Beth suddenly turns and looks ‘hard’ at Doc.

Beth: Is it because you had money and didn’t want anyone to know? Is that why you didn’t want to marry me?

Doc shakes his head no.

Beth: No, then I guess I’ll never figure it out. Doc, I simply can’t go on like this. I love you very much. But I need a commitment, something you seem unable to give. I hope that we can still be friends. I can’t imagine not seeing Hope.

She starts to leave.

The radio shack lights come on.

Hurley: I have a special request from Doc to Beth.

Beth stops, her back to Doc.

Hurley plays ‘”when a man loves a woman” or ”at last” or something similar.

Doc walks over to the perfectly still Beth.

Doc: May I have this dance

Beth nods. She turns to him. They dance, at first stiffly, then closer. Hurley is smiling and dancing alone.

Radio shack lights fade out. Music continues.

Bar area lights start to fade.

They fade to the point that the audience thinks the play is over. But then.

Doc: Beth, will you marry me?

Beth: Are you sure?

Lights come up a little.
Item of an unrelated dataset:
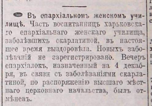 В епархиальном женском училище [скарлатина] // Утро : политическая, общественная, литературная и экономическая газета. 1912, 6 декабря (№ 1818). – Харьков, 1912. – С. 6.
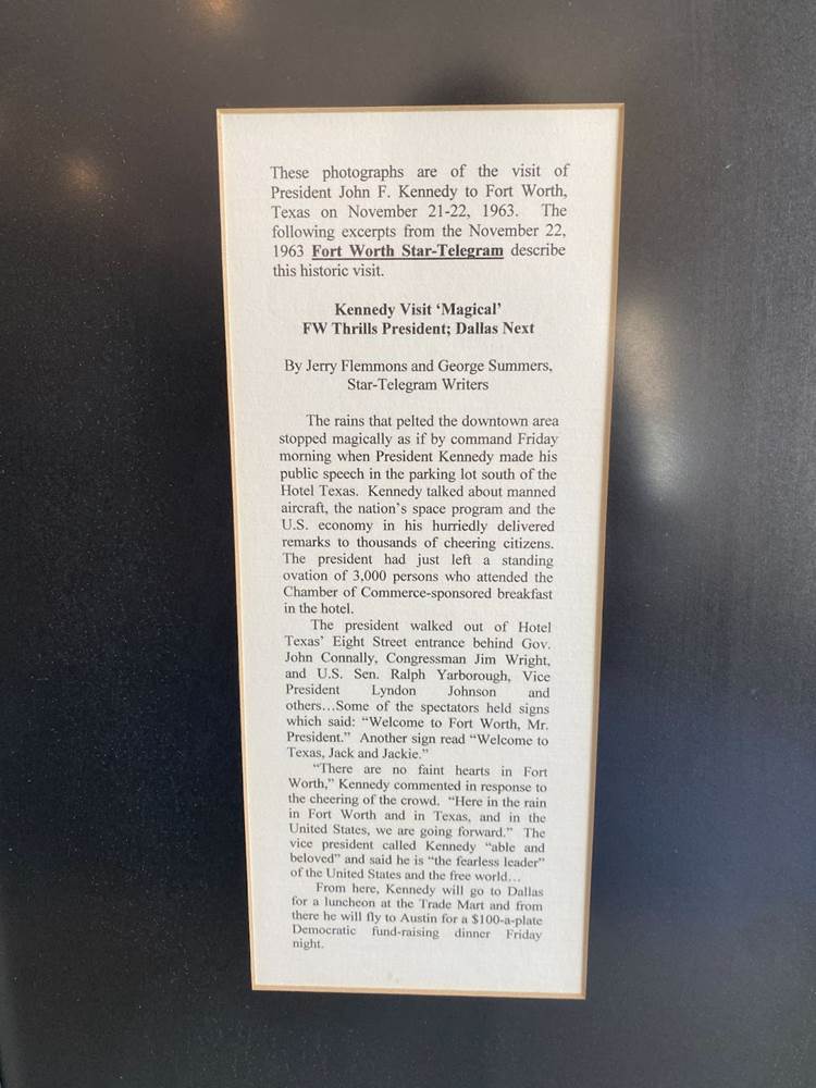 The first day of the trip was spent at the Hilton Fort Worth, which was formerly known as the Hotel Texas, and is most famously known as the building where United States President John F. Kennedy spent his final night. Outside the hotel stands a memorial JFK statue, marking the spot of his last-ever speech to the public before he headed to Dallas on that fateful day 60 years ago. I was thrilled to be able to peer down on the statue from my room, and I found it tremendously informative and inspirational to read about JFK’s speech that morning.

They dance some more.

Doc: I’m so sure.

Beth: Yes. I will.

They continue dancing as the stage continues to darken and the music fades.

Suddenly, the loud cry of a “happy” osprey.

Doc looks up and smiles. Pulls Beth even closer.

Stage goes dark.

The End

Acknowledgements

I thank everyone who helped me with the ideas, writing, and presentation of The Boating Party. In particular, the contributions of Glenn Boledovich, Pierre-Marc Daggett, Mary Hope Katsouros, George Mitchell, William Seitz, and Robert Shea are sincerely appreciated.

End Notes

The Boating Party is dedicated to Sea Aggies everywhere. It was written during my long association with Texas A&M University, especially its Galveston campus. A perfect place to learn about exceptional students, dedicated but eccentric faculty, and truly insane administrators.